### GIVEN RECORDS
--- START ---

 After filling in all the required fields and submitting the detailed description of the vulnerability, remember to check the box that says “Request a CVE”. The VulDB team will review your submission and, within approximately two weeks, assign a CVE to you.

--- END ---
--- START ---

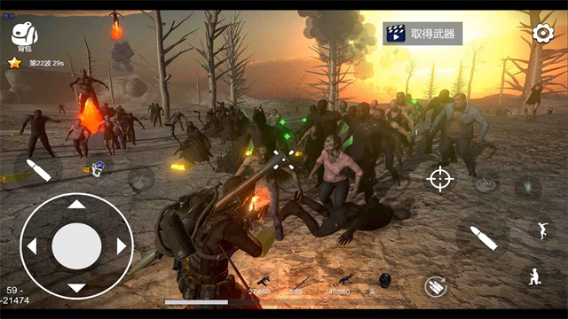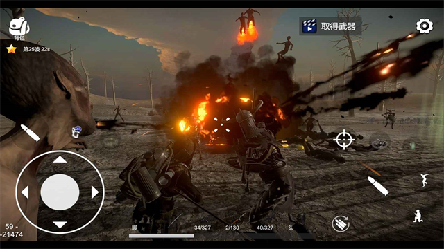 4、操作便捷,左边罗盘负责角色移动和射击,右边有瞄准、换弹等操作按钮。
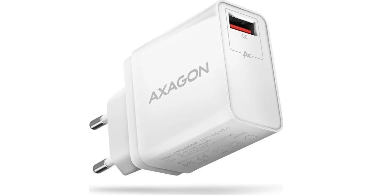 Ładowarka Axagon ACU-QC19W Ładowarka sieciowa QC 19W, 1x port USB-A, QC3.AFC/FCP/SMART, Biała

--- END ---
--- START ---

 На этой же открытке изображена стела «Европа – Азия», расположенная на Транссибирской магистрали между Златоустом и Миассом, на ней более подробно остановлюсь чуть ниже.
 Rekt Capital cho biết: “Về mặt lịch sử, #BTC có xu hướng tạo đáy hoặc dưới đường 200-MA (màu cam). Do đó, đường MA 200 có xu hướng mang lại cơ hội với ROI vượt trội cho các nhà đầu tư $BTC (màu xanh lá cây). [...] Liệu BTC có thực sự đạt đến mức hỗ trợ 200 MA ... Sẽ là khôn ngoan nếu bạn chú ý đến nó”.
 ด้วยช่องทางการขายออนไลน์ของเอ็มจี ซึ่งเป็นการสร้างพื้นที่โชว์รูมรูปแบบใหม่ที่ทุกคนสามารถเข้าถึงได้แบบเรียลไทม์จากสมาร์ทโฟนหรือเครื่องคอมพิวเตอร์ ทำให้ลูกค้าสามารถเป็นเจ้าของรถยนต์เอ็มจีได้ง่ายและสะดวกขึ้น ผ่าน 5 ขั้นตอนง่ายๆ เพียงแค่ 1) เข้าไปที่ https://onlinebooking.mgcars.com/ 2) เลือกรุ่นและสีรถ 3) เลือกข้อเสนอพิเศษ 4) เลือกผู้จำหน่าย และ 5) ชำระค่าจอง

--- END ---

### WHAT THE EXERCISE ASKS
All that is needed is the exact run of lines above from the line containing "На этой же открытке" through the line containing "และ 5) ชำระค่าจอง", both of them included.

### ANSWER
 На этой же открытке изображена стела «Европа – Азия», расположенная на Транссибирской магистрали между Златоустом и Миассом, на ней более подробно остановлюсь чуть ниже.
 Rekt Capital cho biết: “Về mặt lịch sử, #BTC có xu hướng tạo đáy hoặc dưới đường 200-MA (màu cam). Do đó, đường MA 200 có xu hướng mang lại cơ hội với ROI vượt trội cho các nhà đầu tư $BTC (màu xanh lá cây). [...] Liệu BTC có thực sự đạt đến mức hỗ trợ 200 MA ... Sẽ là khôn ngoan nếu bạn chú ý đến nó”.
 ด้วยช่องทางการขายออนไลน์ของเอ็มจี ซึ่งเป็นการสร้างพื้นที่โชว์รูมรูปแบบใหม่ที่ทุกคนสามารถเข้าถึงได้แบบเรียลไทม์จากสมาร์ทโฟนหรือเครื่องคอมพิวเตอร์ ทำให้ลูกค้าสามารถเป็นเจ้าของรถยนต์เอ็มจีได้ง่ายและสะดวกขึ้น ผ่าน 5 ขั้นตอนง่ายๆ เพียงแค่ 1) เข้าไปที่ https://onlinebooking.mgcars.com/ 2) เลือกรุ่นและสีรถ 3) เลือกข้อเสนอพิเศษ 4) เลือกผู้จำหน่าย และ 5) ชำระค่าจอง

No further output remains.